- Location: Pouto Peninsula, Northland Region, North Island
- Coordinates: 36°20′49″S 174°08′50″E﻿ / ﻿36.34692°S 174.1472°E
- Type: Dune Lake
- Catchment area: 102.5 hectares (253 acres)
- Basin countries: New Zealand
- Surface area: 26.74 hectares (66.1 acres)
- Max. depth: 12.96 metres (42.5 ft)

= Lake Rotokawau (Kaipara) =

Lake in Northland, New Zealand

Lake Rotokawau is a lake on the Pouto Peninsula in the Kaipara District of New Zealand.

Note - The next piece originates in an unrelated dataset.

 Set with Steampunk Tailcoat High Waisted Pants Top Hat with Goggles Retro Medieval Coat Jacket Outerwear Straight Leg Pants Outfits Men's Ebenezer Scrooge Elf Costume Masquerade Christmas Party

Rotokawau is situated about 52 km southwest of Dargaville, along with neighbouring Lake Waingata it is surrounded by pastoral grassland. At its deepest point it is 12.96 m deep. The Northland Regional Council regularly checks the dune lakes with diving, water sampling and land-based surveys to assess water quality and ecological conditions. In the words of Brooke Gray, Biodiversity Advisor for the Northland Regional Council, "Rotokawau is one of the top ecologically outstanding lakes in Northland".

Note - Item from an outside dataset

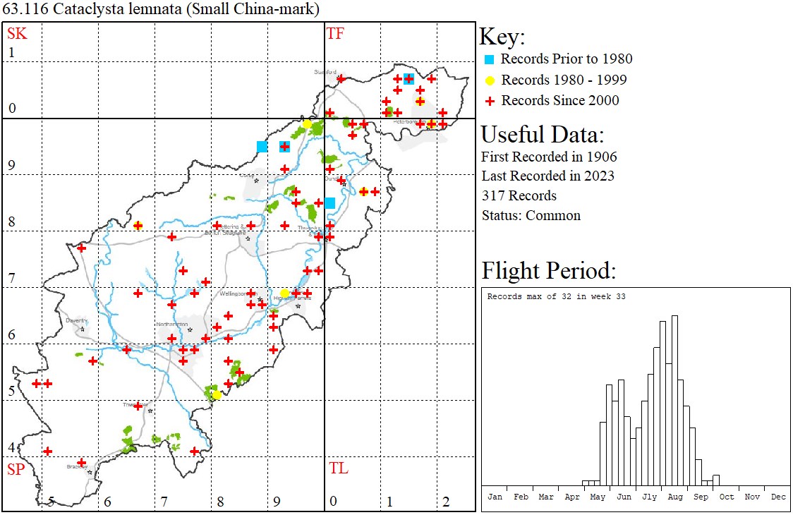 semi-aquatic larvae feed on Duckweed. Adults are sexually dimorphic,
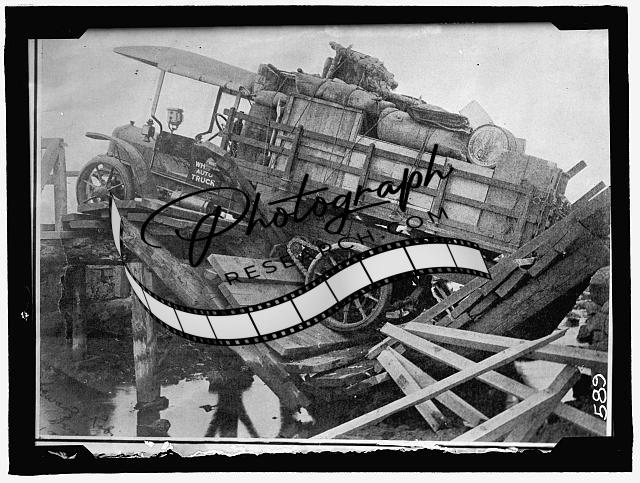 Bridge broken under American Truck,China,1913,Harris & Ewing,Car Wreck

The lake sits within ground water level, but only receives around 7% of its water from ground water, therefore it is classified as a Class 3 Window dune lake. Rainfall accounts for 59% of its water and 34% is from surface runoff.

The lake does not thermally stratify, which increases nutrient availability in the water column throughout the year.

==Etymology==

In Māori, Roto means 'lake' and kawau means 'cormorant' or 'shag', a local bird.